▸ Problem to work on: Restate the listing below word for word. No picture belongs in the result.
Start of Data segment
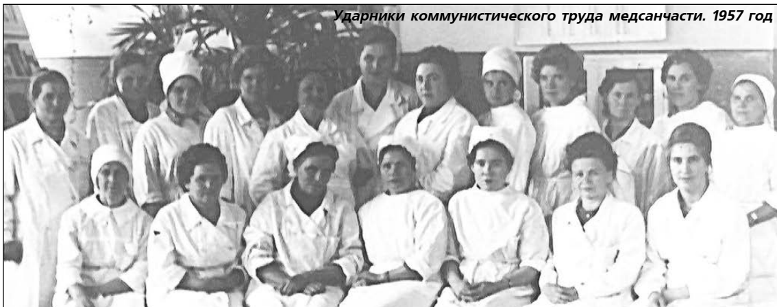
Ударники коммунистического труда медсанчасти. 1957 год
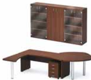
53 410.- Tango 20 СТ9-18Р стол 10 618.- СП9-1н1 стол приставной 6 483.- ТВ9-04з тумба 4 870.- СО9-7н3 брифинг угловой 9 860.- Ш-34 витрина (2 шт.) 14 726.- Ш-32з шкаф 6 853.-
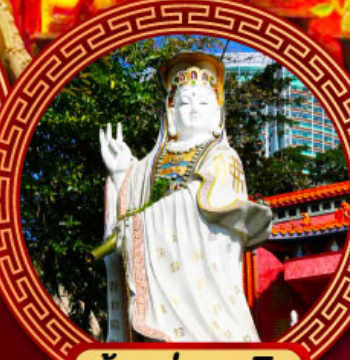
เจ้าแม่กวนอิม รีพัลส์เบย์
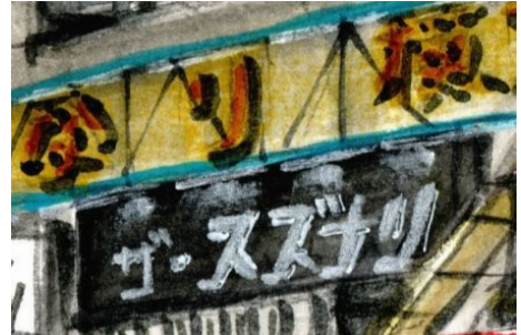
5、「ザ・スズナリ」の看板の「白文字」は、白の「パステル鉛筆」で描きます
End of Data segment
▸ Task output:
Ударники коммунистического труда медсанчасти. 1957 год
53 410.- Tango 20 СТ9-18Р стол 10 618.- СП9-1н1 стол приставной 6 483.- ТВ9-04з тумба 4 870.- СО9-7н3 брифинг угловой 9 860.- Ш-34 витрина (2 шт.) 14 726.- Ш-32з шкаф 6 853.-
เจ้าแม่กวนอิม รีพัลส์เบย์
5、「ザ・スズナリ」の看板の「白文字」は、白の「パステル鉛筆」で描きます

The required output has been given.